Na briga pela presidência da República, a bolsa de apostas aponta o presidente da Câmara dos Deputados, Michel Temer (PMDB-SP), como o provável vice na chapa de Dilma.
Além de Mato Grosso do Sul, há risco de não se repetir o possível acordo a ser fechado nacionalmente entre PT e PMDB, em Minas, na Bahia, no Rio Grande do Sul e no Rio de Janeiro, o que enfraqueceria os planos de sustentação estadual da campanha de Dilma.
Aliás, Zeca e André nunca estiveram próximos, apesar do interesse da cúpula nacional de seus partidos e se setores isolados em nível estadual. Tanto é que a possível aliança provocou divergências dentro do PT, que após debater o assunto à exaustão voltou a defender publicamente a candidatura própria em Mato Grosso do Sul.
O senador Delcídio do Amaral e o deputado federal Antônio Carlos Biffi, que antes defendiam a reedição no Estado do projeto nacional de união PT-PMDB, recuaram e se reaproximaram de Zeca, embora seu principal adversário político na disputa ainda nutre esperança na renúncia de sua candidatura.
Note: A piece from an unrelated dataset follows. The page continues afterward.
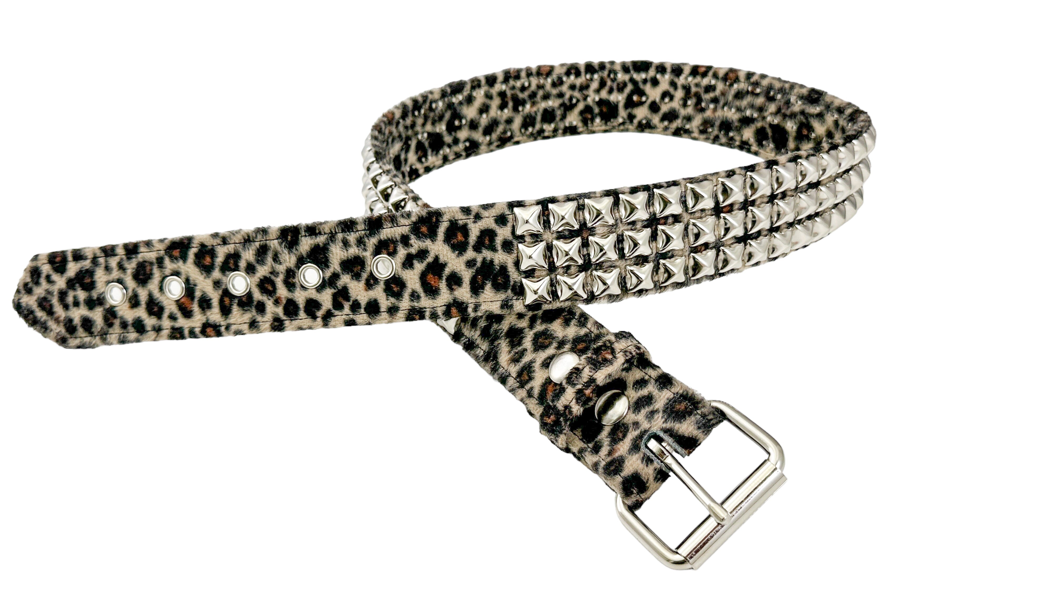 BROWN LEOPARD 3 ROW 1/2" PYRAMID STUD BELT

Como no Rio Grande do Sul, onde a disputa é independente dos nomes que possam estar na briga pelo governo do Estado, os dois partidos, em terras sul-mato-grossenses, são inimigos políticos históricos.
A estratégia do PT nacional era enquadrar o ex-governador para ele apoiasse André Puccinelli, mas a ideia não prosperou, embora ainda existam aqueles que acreditem em mudanças até as convenções partidárias.
O próprio André Puccinelli, que gostaria de discutir a política de alianças em março, adiou as conversações para maio deste ano como forma de dar tempo a novas tentativas de entendimentos. Isso, no entanto, desagradou os partidos aliados, como PSDB, DEM e PPS, que têm pressa na composição da chapa majoritária pela qual o governador buscará a reeleição.
Integrantes do BDR (Bloco Democrático Reformista), esses partidos mantém a ameaça de mudar de rumo caso o líder peemedebista consiga seu intento de apoiar Dilma Roussef em Mato Grosso do Sul, em detrimento da candidatura do governador José Serra (SP) ao Palácio do Planalto. Por isso, a frente partidária não descarta candidatura própria ao governo estadual, lembrando a senadora Marisa Serrano (PSDB) como alternativa em outubro.